勅使川原がマウンドに上がるとマスクを被る 勅使川原専属のキャッチャーとも言える存在だった。



「伊達を上げるとなれば…キッド(木戸)はファーム行きってワケか」


「いや、それはあまりにも勿体ない」


勅使川原が待ったをかけた。


「キッドは勝ち星に恵まれてないだけで、投球内容は決して悪くない」


未だ1勝もしていないが 木戸の奪三振は49個で現在リーグトップ。


三振を獲れるピッチングを持ちながら ファームに落とすのは如何なものか と勅使川原が言う。


「じゃあ、代わりに誰を落とすよ?」


「流川だろうな」


「流川?」


中継ぎピッチャーの流川だ。


「今年のアイツは球のノビが今ひとつだ…去年の疲れが取れてないんだろうが、あんな球じゃリリーフはおろか、敗戦処理にも使えない」


今年の流川は12試合に登板。

0勝1敗3ホールドで防御率が5.27と中継ぎにしては芳しくない成績。


「少し下で調整させた方がいいかもな」


「…そうか。じゃあ、伊達を上げて流川を落とす…か。
ピッチャーはそれでいいかもしれないが、バッターはどうすんだよ?トレードなんて言うけど、そんな選手が他球団にいるのかよ?」



「それがいるんだよなぁ」


中田は隣の自販機で缶コーヒーを買いながら答える。



「いるのかよ?」


「だって、さっきはトレードなんてムリだろって言ってたじゃねぇか」



「いや、いるにはいるんだよ」


ブラックのコーヒーをグビグビと流し込む。


「どんなヤツだよ?」


「ホラ、ニックスの外野でヒョロっとした外人いるだろ?」


「ヒョロっと…って、あの黒人か?」


「エッ、どんなヤツだ?」


勿論 榊は知らなかった。


「ルイスだろ?」


「そうそう、あのルイス」


中田の言うルイスとは ジャーメイン・ルイス外野手。


来日3年目となる 強肩が売りの助っ人外国人選手。


今年は新外国人マーク・ジェイソンにポジションを奪われ ファームで黙々と練習に励む。
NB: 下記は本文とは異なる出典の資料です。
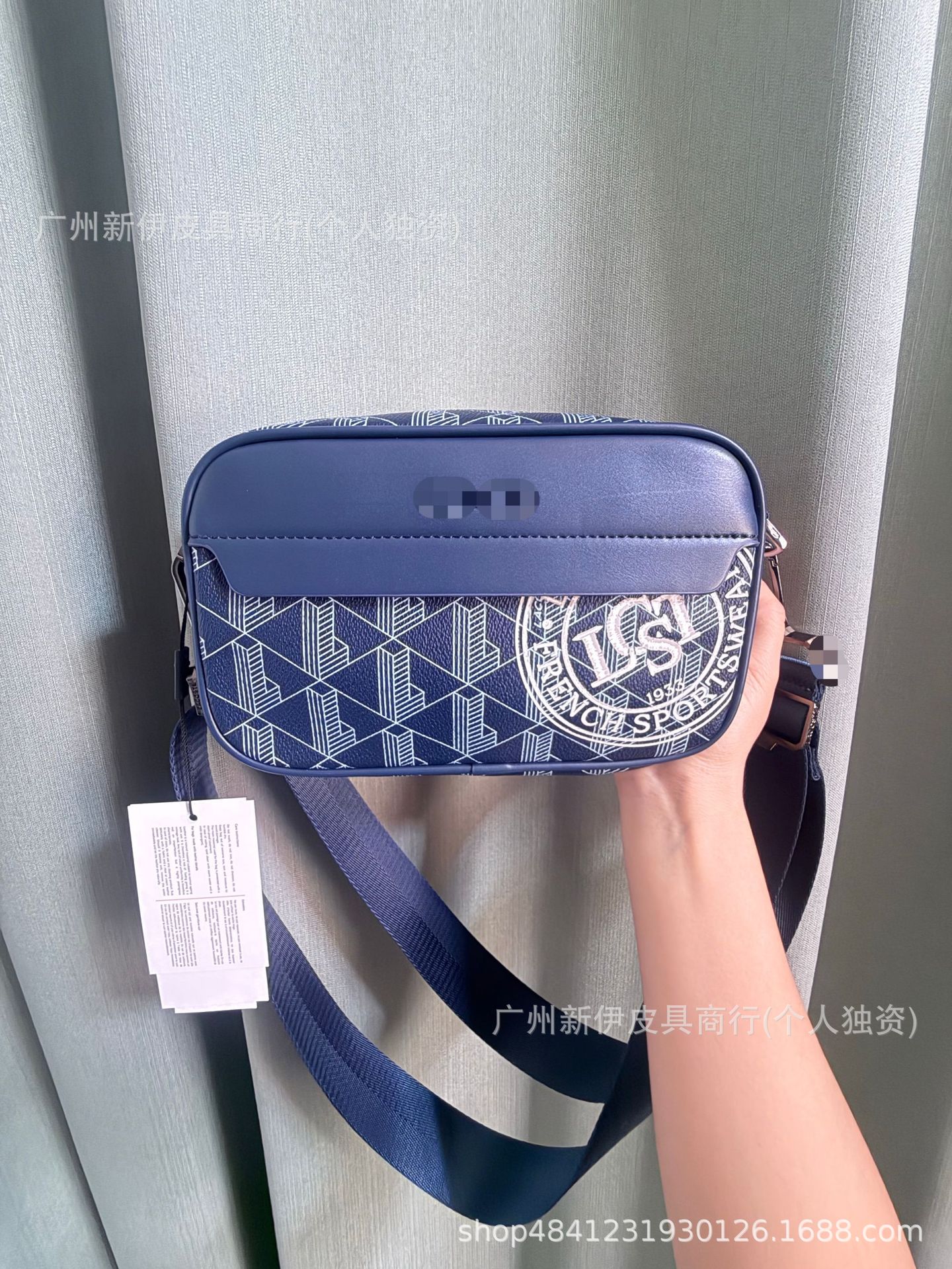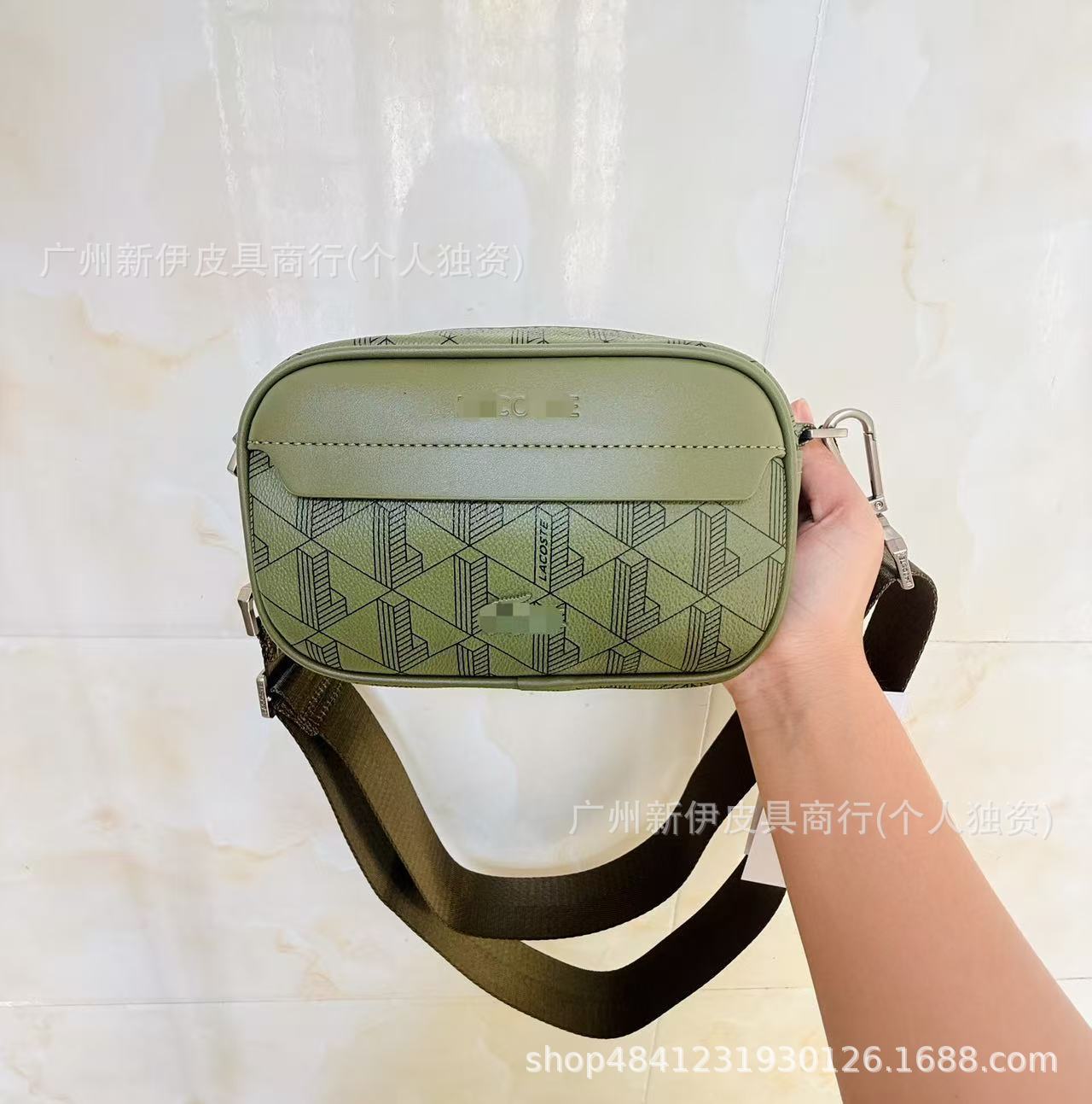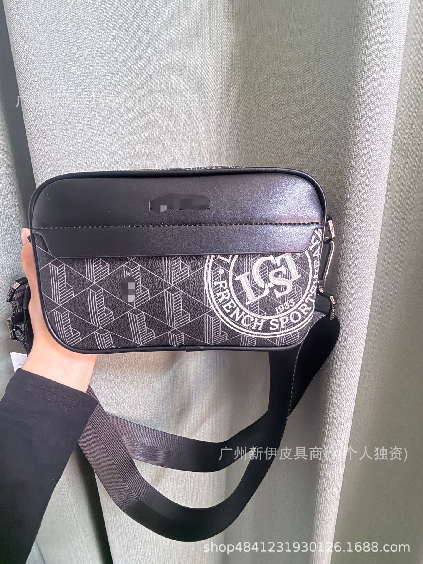 新款潮牌男士休閒單肩格子皮質運動個性時尚斜後後背包高顔值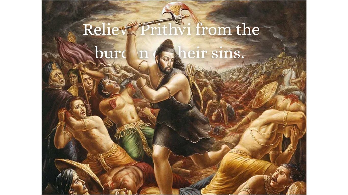 The most popular story of Parashuram is the legend of him teaching a lesson to the sinning Kshatriyas. According to the Puranas, when the kings, who were meant to uphold Dharma, were following the path of Adharma, Parashuram (Vishnu) came to the earth and annihilated the kings to relieve Prithvi (Mother Earth) from the burden of their sins.

物静かな人物で ベンチでは聖書を読むというクリスチャンでもある。


「ルイスって、そんなにいい成績じゃないだろ」


昨年は96試合に出場 打率.271 本塁打18 打点68という成績。


「出塁率はリーグで2位だぜ」


中田はスマホでルイスのWikipediaにある詳細情報を見せた。


そこにはルイスの成績がこと細かく記載されていた。


「出塁率が.407でOPSが.857…しかも、3塁打はリーグトップじゃねぇか!」


11本の3塁打はアポロリーグトップ。

おまけに四球は107個とリーグ4位。

96試合で107個の四球はかなり優秀だ。


「勿体ねぇな、こんな選手を埋もれたままにするのは」


「でも、おいそれとトレードに応じるかな」


「難しいところだが、そこを何とかするのが我々の仕事なんじゃないのか」



過去には鬼束をかなり強引な方法で獲得した事もあって ニックスサイドは警戒を強めている可能性が高い。


「ニックスのGMって誰がやってんだ?」



「ニックスは監督の山田が兼任でGMやってんだよ」


どうやら山田兼任監督と接触するみたいだ。